# SOURCE DATA:

..............................

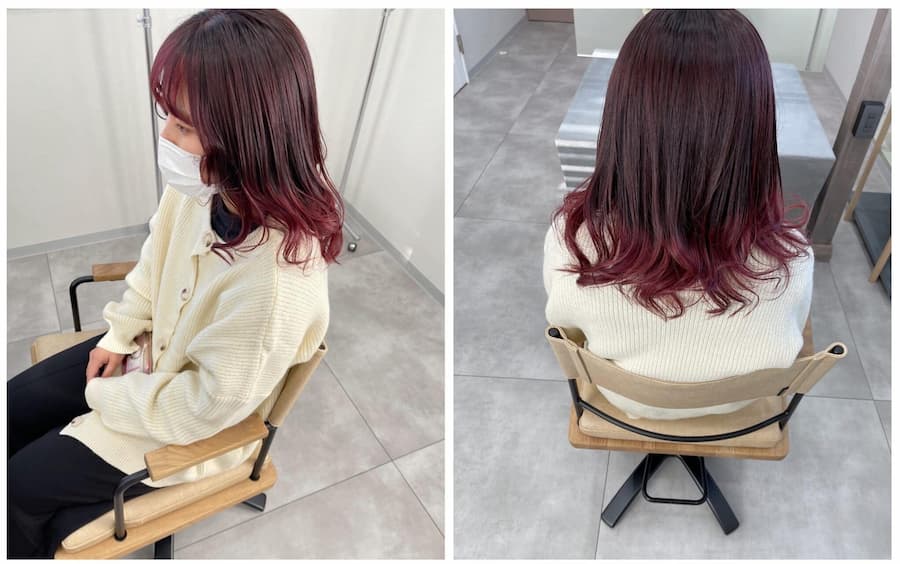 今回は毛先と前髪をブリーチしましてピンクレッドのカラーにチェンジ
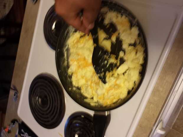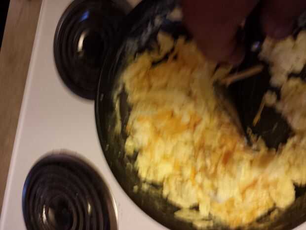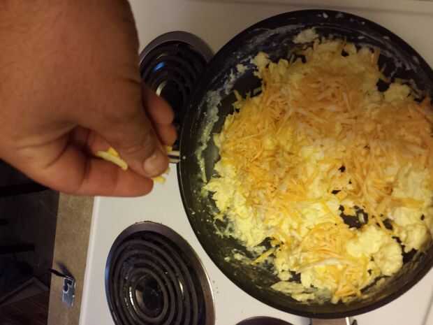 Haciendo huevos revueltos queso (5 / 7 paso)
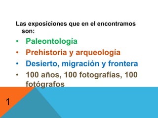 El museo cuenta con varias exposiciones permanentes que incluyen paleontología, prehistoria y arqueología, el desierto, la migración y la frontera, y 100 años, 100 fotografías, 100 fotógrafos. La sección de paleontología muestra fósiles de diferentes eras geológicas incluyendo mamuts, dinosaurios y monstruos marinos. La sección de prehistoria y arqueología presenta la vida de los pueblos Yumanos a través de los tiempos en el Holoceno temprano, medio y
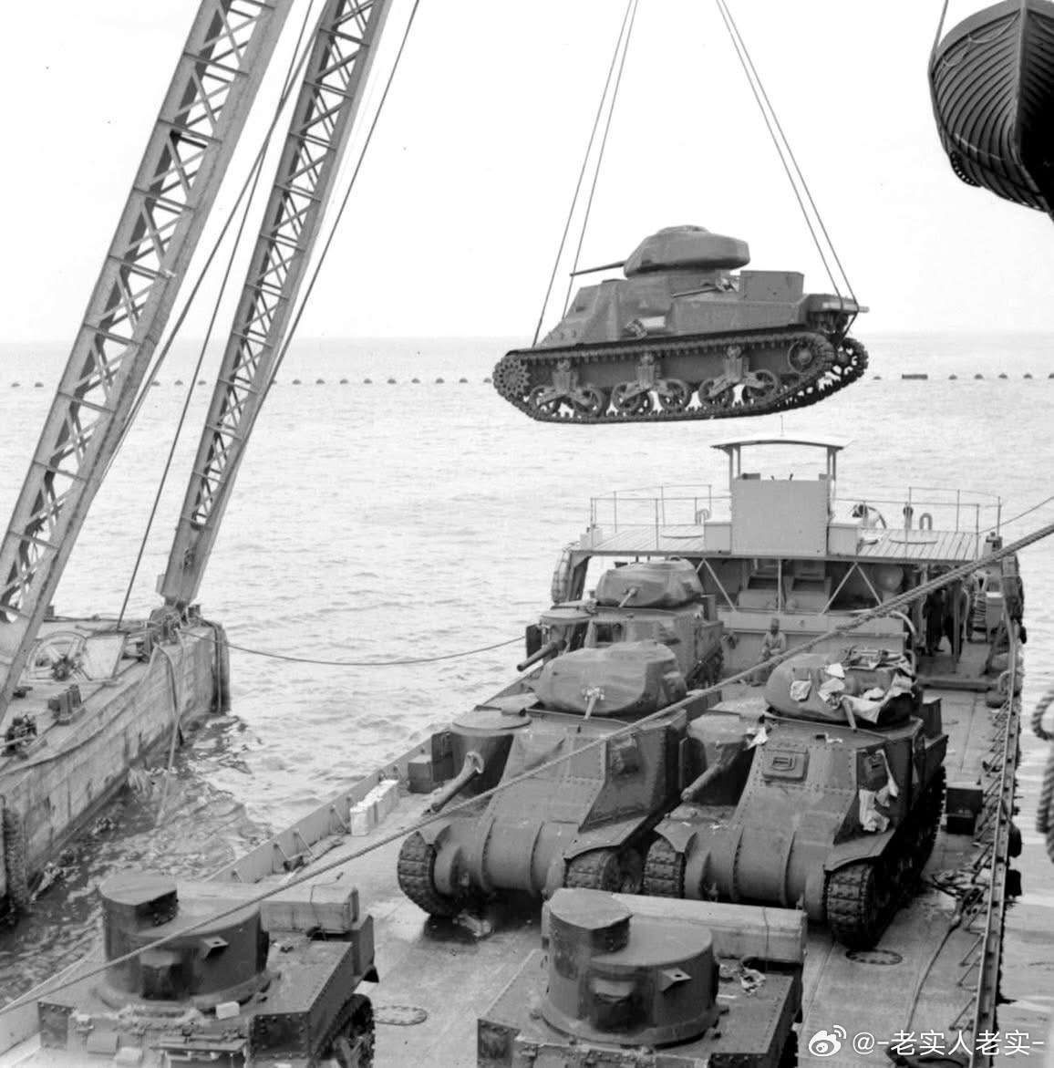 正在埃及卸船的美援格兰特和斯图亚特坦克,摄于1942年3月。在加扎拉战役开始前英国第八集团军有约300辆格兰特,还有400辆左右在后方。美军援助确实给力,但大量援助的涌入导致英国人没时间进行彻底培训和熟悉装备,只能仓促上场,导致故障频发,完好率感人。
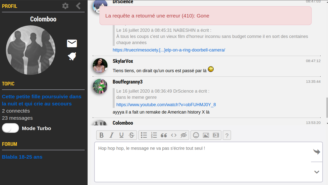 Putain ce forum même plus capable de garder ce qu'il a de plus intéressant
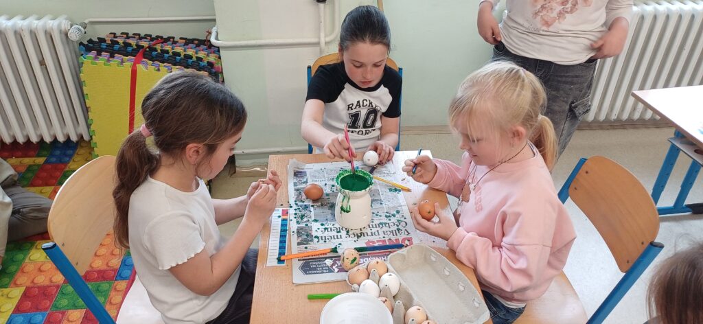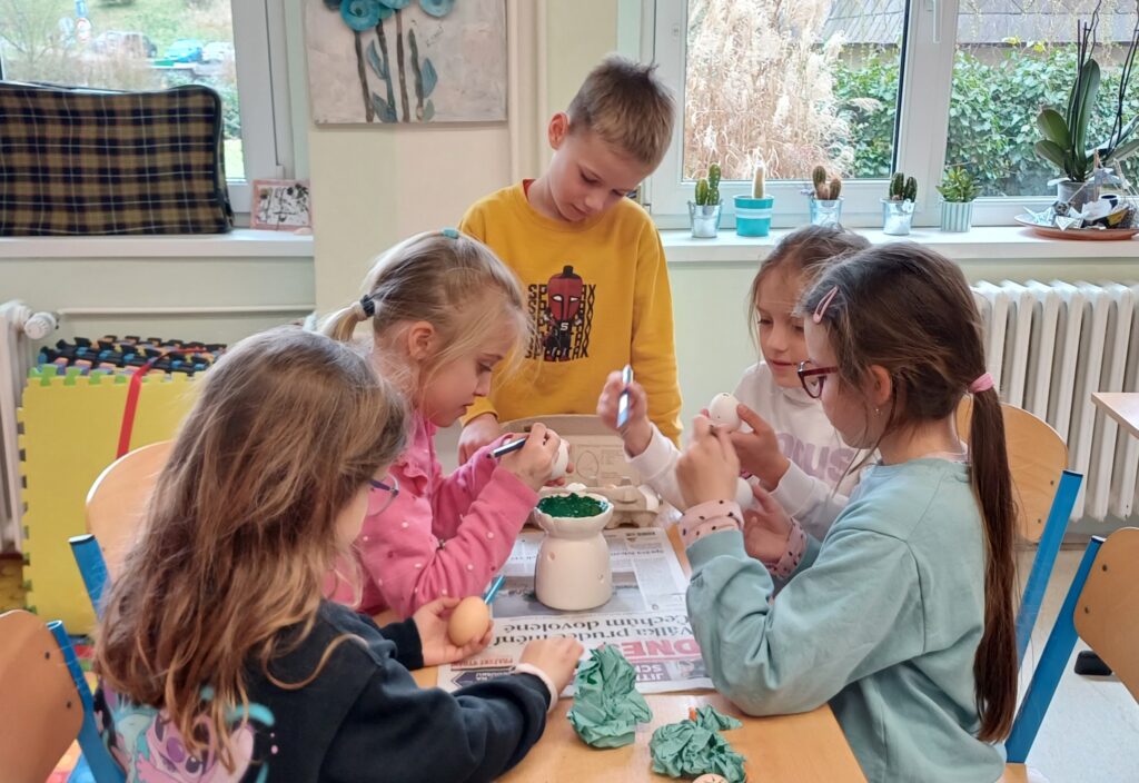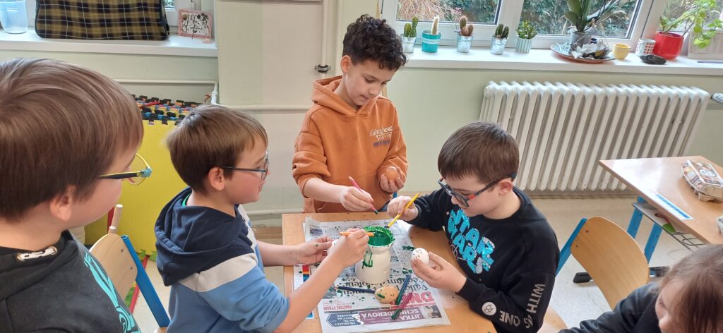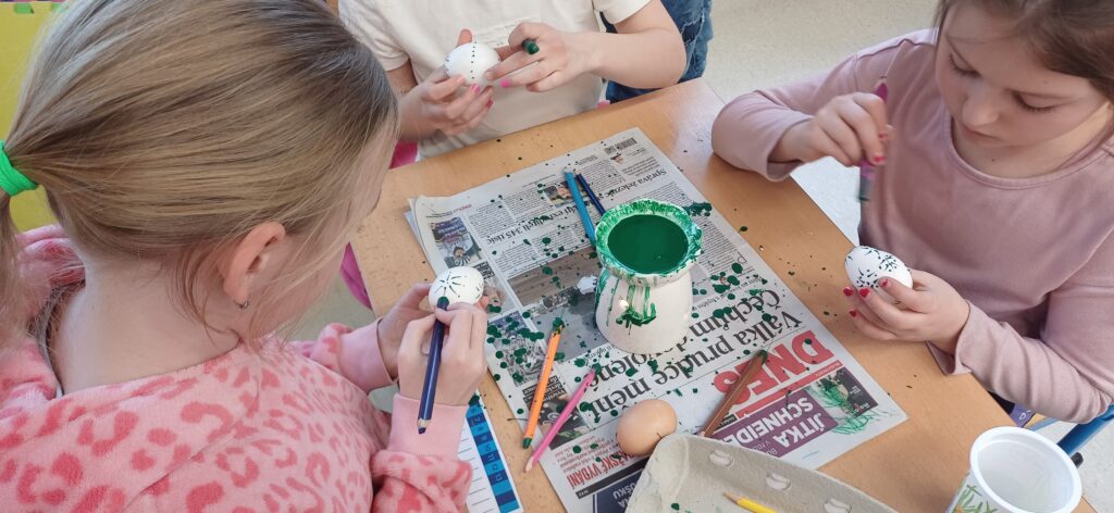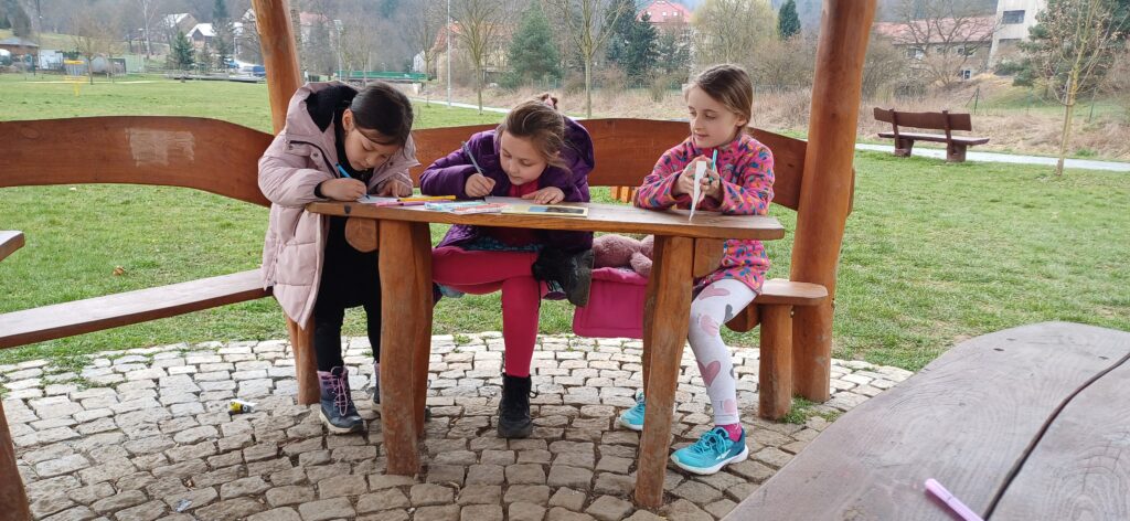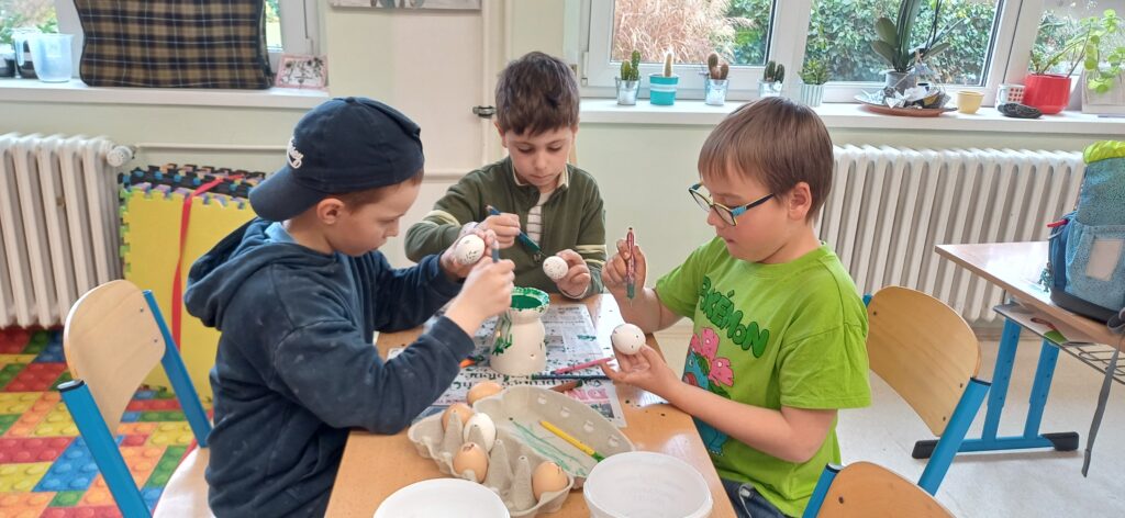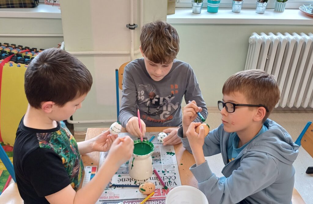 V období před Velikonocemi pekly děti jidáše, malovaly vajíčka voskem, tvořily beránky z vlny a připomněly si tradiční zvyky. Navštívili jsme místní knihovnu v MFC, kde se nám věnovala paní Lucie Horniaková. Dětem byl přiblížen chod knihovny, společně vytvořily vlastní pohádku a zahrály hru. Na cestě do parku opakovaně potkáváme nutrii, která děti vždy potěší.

..............................

# TASK PROMPT:
To complete this exercise, transcribe exactly the lines above from the one that holds "Haciendo huevos revueltos queso (5 / 7 paso)" through the one that holds "El museo cuenta". Pictures stay out.

# REPLY:
 Haciendo huevos revueltos queso (5 / 7 paso)
 El museo cuenta con varias exposiciones permanentes que incluyen paleontología, prehistoria y arqueología, el desierto, la migración y la frontera, y 100 años, 100 fotografías, 100 fotógrafos. La sección de paleontología muestra fósiles de diferentes eras geológicas incluyendo mamuts, dinosaurios y monstruos marinos. La sección de prehistoria y arqueología presenta la vida de los pueblos Yumanos a través de los tiempos en el Holoceno temprano, medio y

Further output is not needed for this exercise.